The reply should hold only the lines from the one with "The brushes are" to the one with "Los acontecimientos geopolíticos", both ends kept, exactly as they appear below, without any pictures.

Information provided:
• • • • • • •

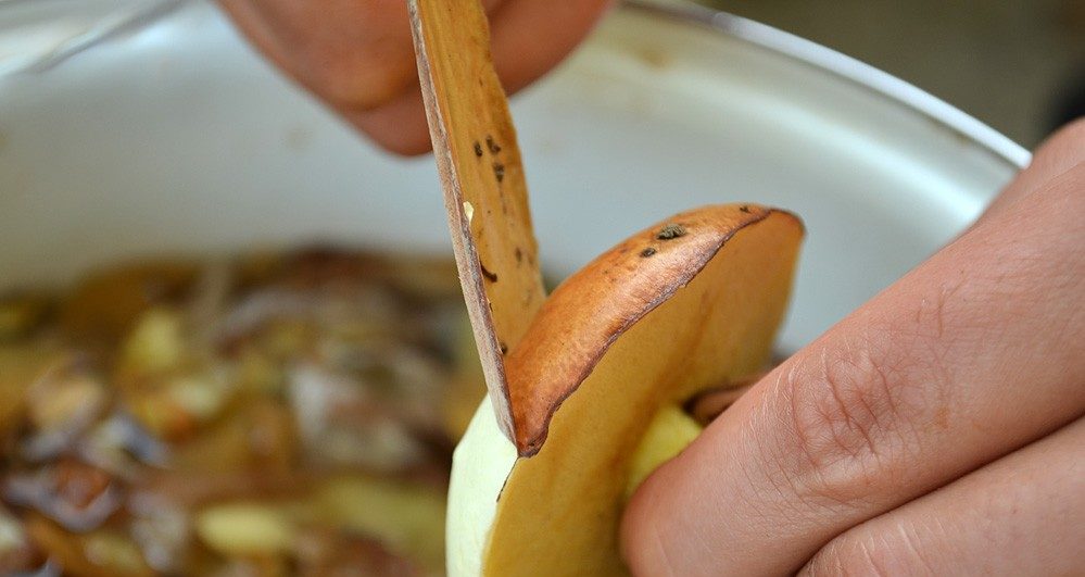 깨끗한 천을 준비하여 식물성 기름에 적셔주세요. 이 천으로 모든 버섯의 뚜껑, 장갑, 칼을 닦으세요. 칼끝으로 필름을 들어 올려 천천히 몸 쪽으로 당겨주세요. 이렇게 하면 필름이 찢어지지 않고 쉽게 벗겨지고, 뚜껑도 매끈하게 유지됩니다. 필름이 찢어지거나 고르지 않게 벗겨지면 칼로 남은 필름을 조심스럽게 긁어내세요.
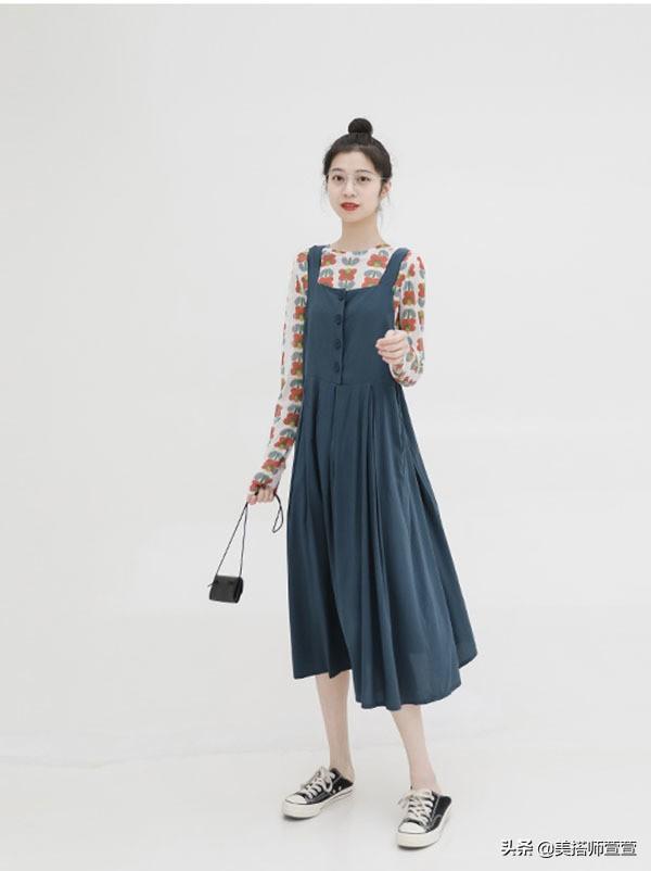 以白色打底上面帶有紅色花朵的打底衫,看上去就是比較花哨的那種,其實(shí)像是這種比較花哨的打底衫搭配白色是合適的。但是這件打底衫的底色是白色的,而且上面的花朵是平鋪的設(shè)計(jì),所以整體看上去不會(huì)過于的雜亂,和這種深色的裙子搭配在一起整體的效果還是不錯(cuò)的。
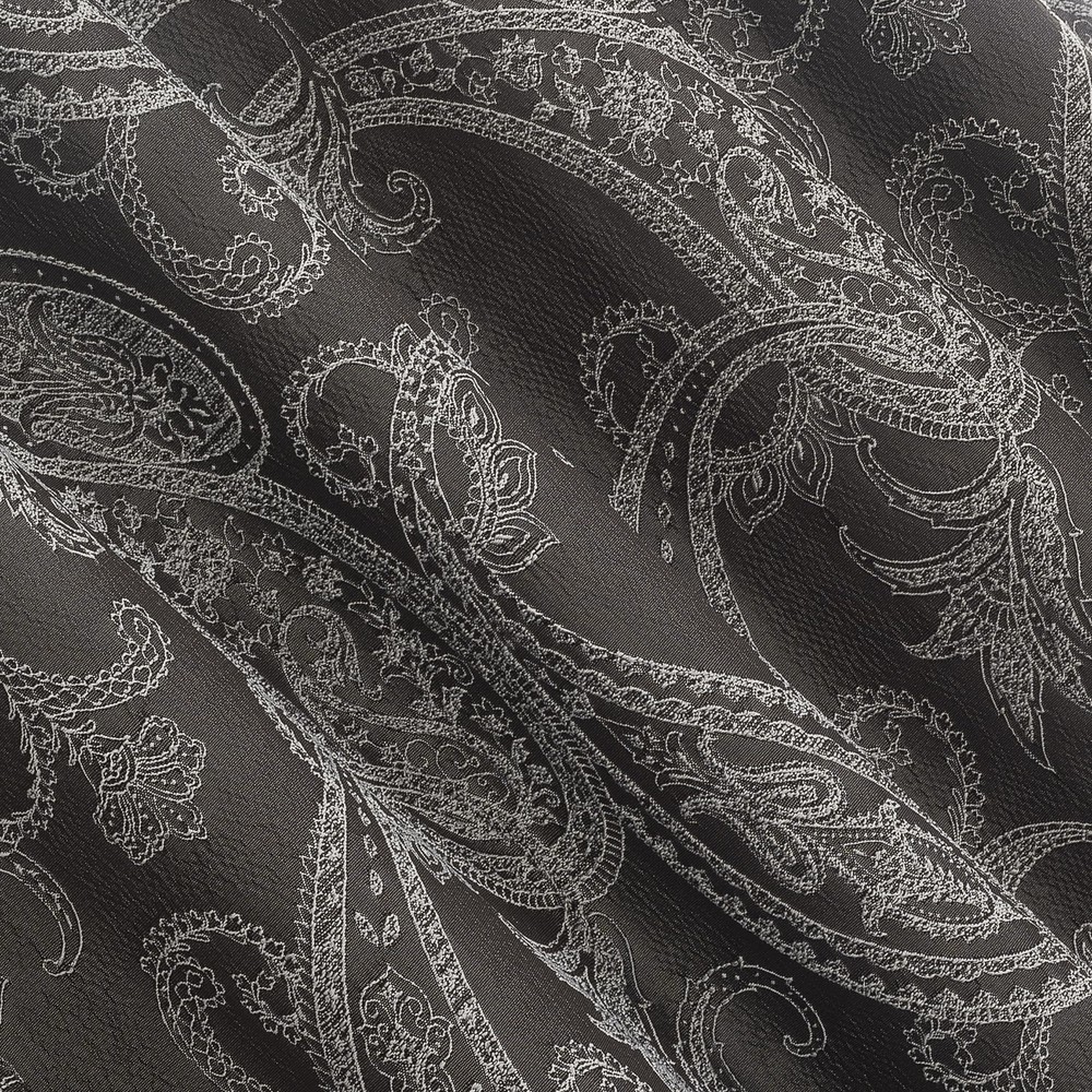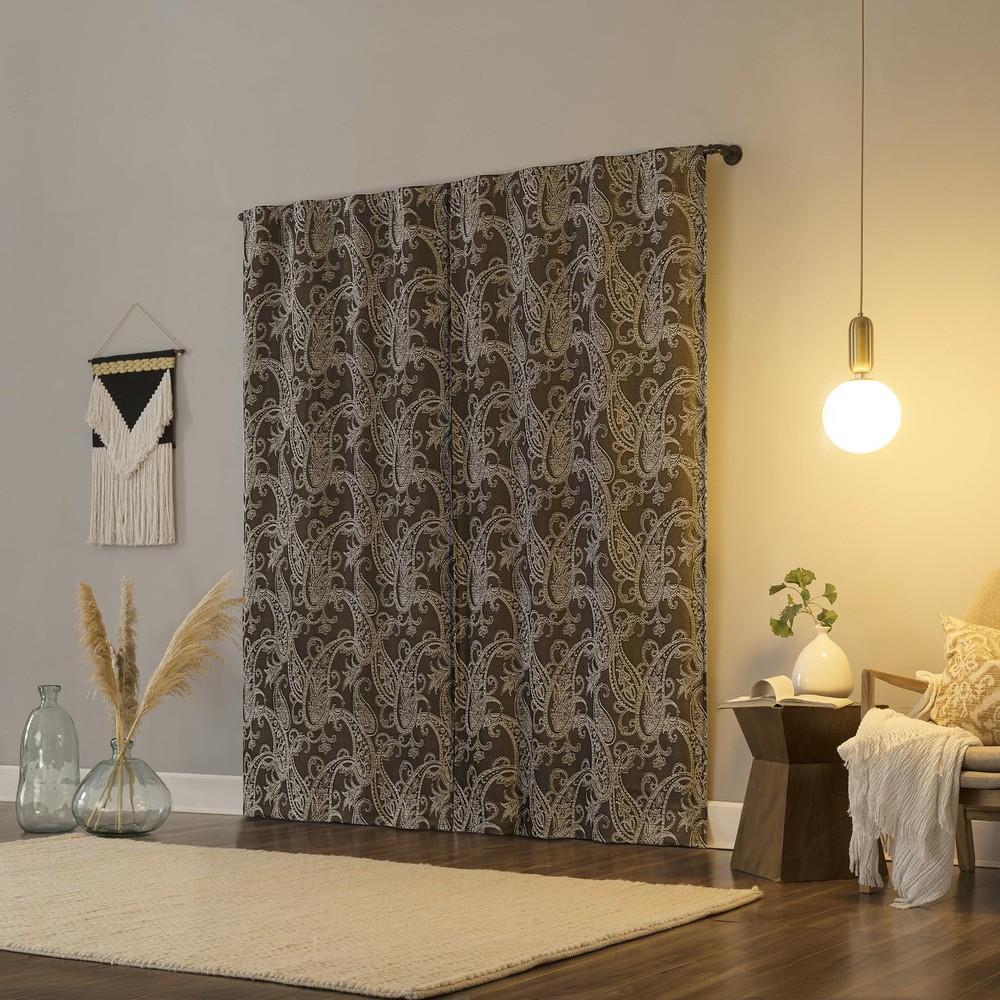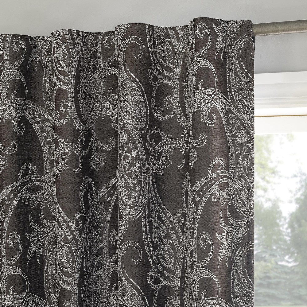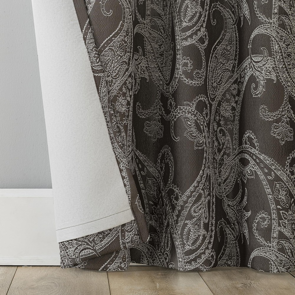 Featuring an intricately embroidered paisley pattern, Pedra Paisley Embroidery 100% Blackout Back Tab Curtain Panels add delicate detail to any living space. Equipped with back tabs for easy hanging on standard curtain rods up to 1.5" in diameter. Extreme Blackout™ Thermal Lining is laboratory tested to block out 100% of light, reduce outside noise by up to 40%, and decrease energy lost through your windows by up to 40%. Comfort is optimized with thermal properties that help keep summer heat and winter chill out of your home. Built-in metal grommets allow for easy slide-through installation on curtain rods up to 1.5" in diameter. Hang in your entertainment room to eliminate screen glare and reduce distracting outside noise, or in your bedroom for enhanced privacy and a sounder, more uninterrupted sleep. Sold as individual panels measuring 40" width by 96" length in color chocolate brown. Measure carefully before selecting your desired size and quantity. Rod not included. Machine wash cold on gentle cycle. Use non-chlorine bleach when needed. Tumble dry on low heat, using a cool iron as needed. Intricately embroidered paisley pattern adds delicate detail Extreme Thermal Blackout technology blocks out 100% of outside light Thermal properties help keep summer heat and winter chill out of your home Noise reduction up to 40% helps you get a sounder, more uninterrupted sleep back tabs fit curtain rods up to 1.5" in diameter Panels sold individually. Measure carefully prior to purchase (Image features 2 panels)
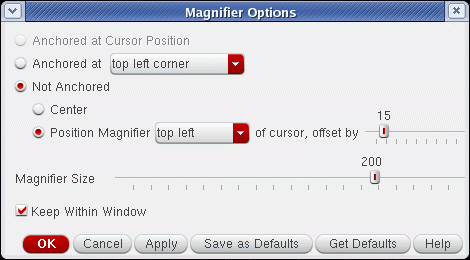 This will display the Magnifier Options form, which will be synchronized to reflect the magnifier settings currently displayed in the window.
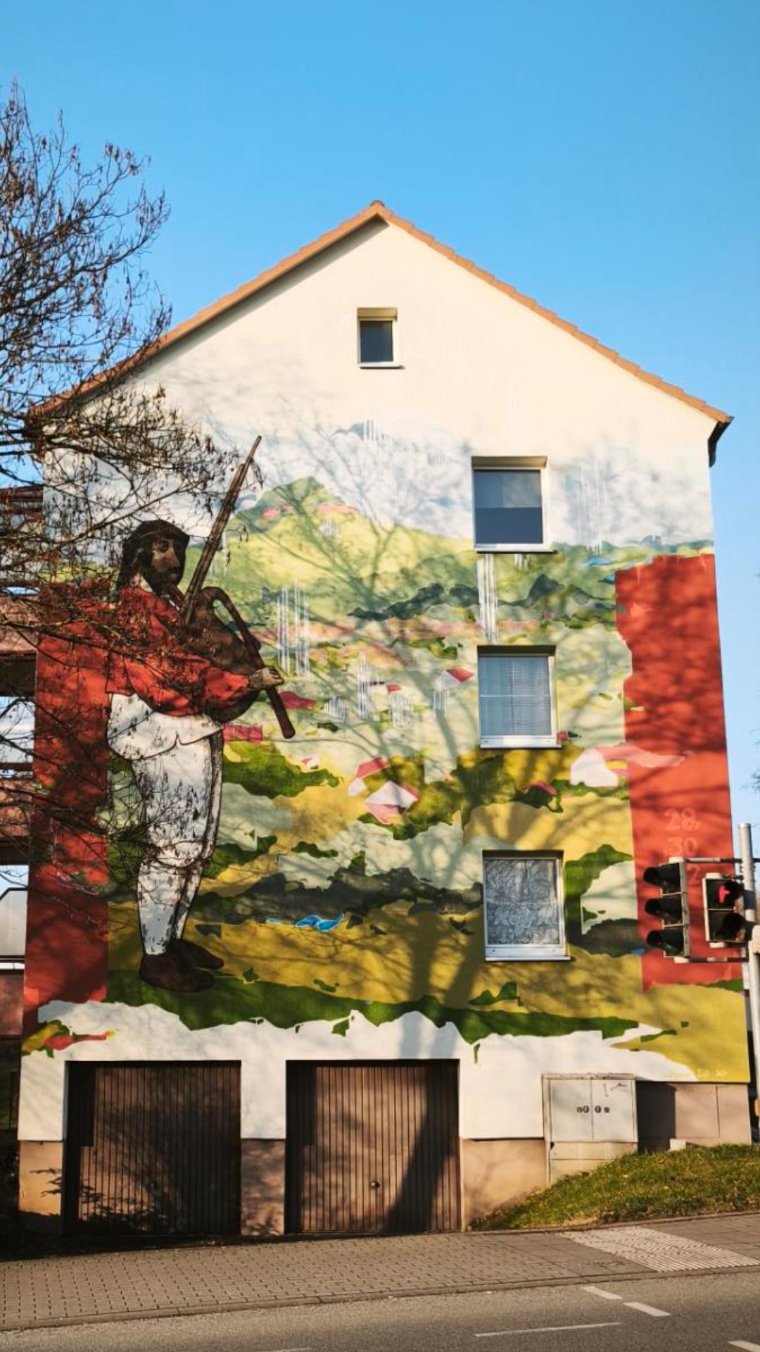 StreetArt! The artwork features a central figure—a bagpipe player—dressed in traditional, rustic attire: a vibrant red tunic, white trousers, and a dark hat. He is depicted in profile, standing atop a green ridge that spans the width of the building.
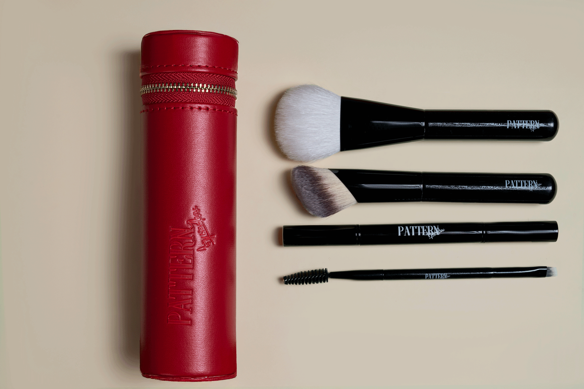 The brushes are housed in a red leather case finished with a branded 3D logo and a gold zipper with a logo puller, offering both protection and understated elegance.
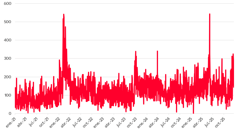 Los acontecimientos geopolíticos están dominando los titulares en este arranque de año pese a que los mercados se mantengan impasibles y continúen con la buena marcha con la que acabaron el año 2025. El índice de riesgo geopolítico elaborado por los economistas de la FED Dario Caldara y Matteo Iacoviello alcanza niveles que, en otras ocasiones, ha sido seguido por una corrección en el S&P500 de más del 100%.
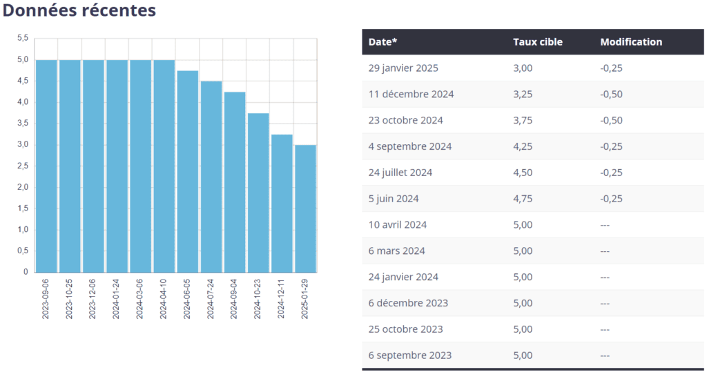 Le 29 janvier 2025, la Banque du Canada (BdC) a décidé de réduire son taux directeur à 3 % avec une nouvelle baisse de 25 points de base. Il s’agit d’une sixième baisse consécutive. De plus, elle annonce la fin du resserrement quantitatif afin que son bilan se stabilise et se mette ensuite à croître au rythme de la croissance de l’économie. Depuis le mois de juin 2024, le taux directeur de la BdC est passé de 5 % à 3 %.
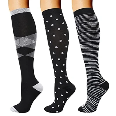 MULTICOLOR COMBO - You get a color combination of your choice. Perfect for a whole week without daily wash. You are getting an amazing offer to keep your feet stay with optimal compression all the time! High quality stitched & Easy to get on even though they are compression socks! COMPRESSION IS PROVEN to allow you to move faster, react quicker and use less energy. Targeted compression zones provide varying levels of support from moderate to extra firm. Unique color design, add a touch of color to your ordinary life. EFFECTIVE - Our compression socks are highly recommended by preferred by trainers. Whether you are an athlete, teacher, flight crew, receptionist, office worker, our socks are universally suitable for all work. Breathable high performance fabric keeps an optimal temperature. We are confident that you will choose it! GREAT GIFT IDEA - If you are struggling with a gift idea to a loved one or a casual friend, this is will reduce your anxiety without even you wearing them. Great gift choice for joggers, athletes, workout fanatics, office workers, ok...can we just say whoever use their leg extensively. A veritable necessity for anyone working long-hours standing on their feet, or those heavily invested in athletics and a fitness lifestyle. Feel happy to put this item into your Cart! Feel free to enjoy your fascinating life with it!
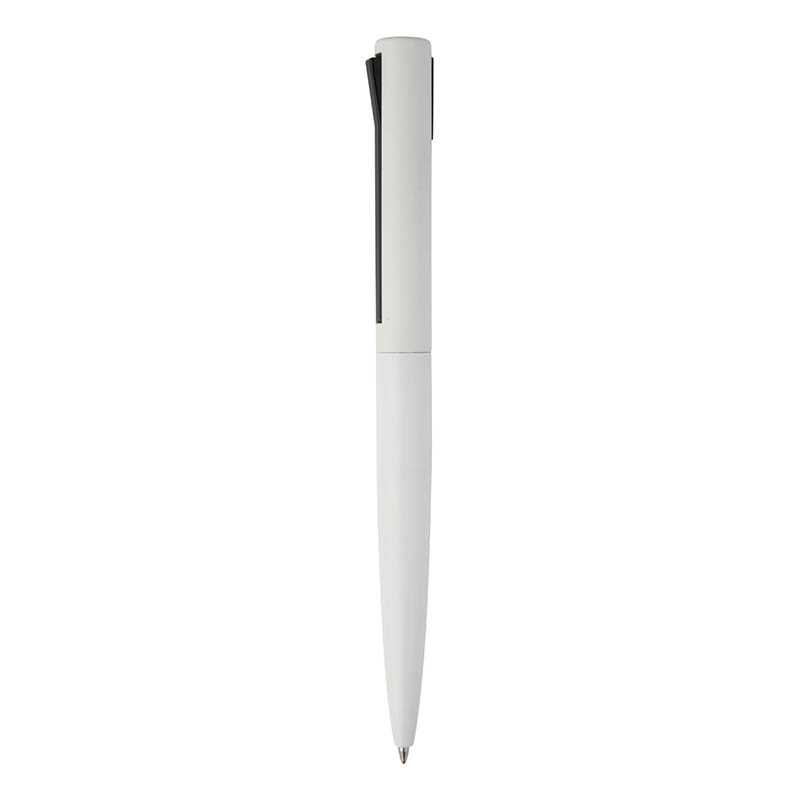 Guľôčkové pero z recyklovaného hliníka v matnej metalickej farbe s hornou časťou z recyklovaného ABS a špeciálnym klipom. S modrou náplňou.

• • • • • • •

Written reply:
 The brushes are housed in a red leather case finished with a branded 3D logo and a gold zipper with a logo puller, offering both protection and understated elegance.
 Los acontecimientos geopolíticos están dominando los titulares en este arranque de año pese a que los mercados se mantengan impasibles y continúen con la buena marcha con la que acabaron el año 2025. El índice de riesgo geopolítico elaborado por los economistas de la FED Dario Caldara y Matteo Iacoviello alcanza niveles que, en otras ocasiones, ha sido seguido por una corrección en el S&P500 de más del 100%.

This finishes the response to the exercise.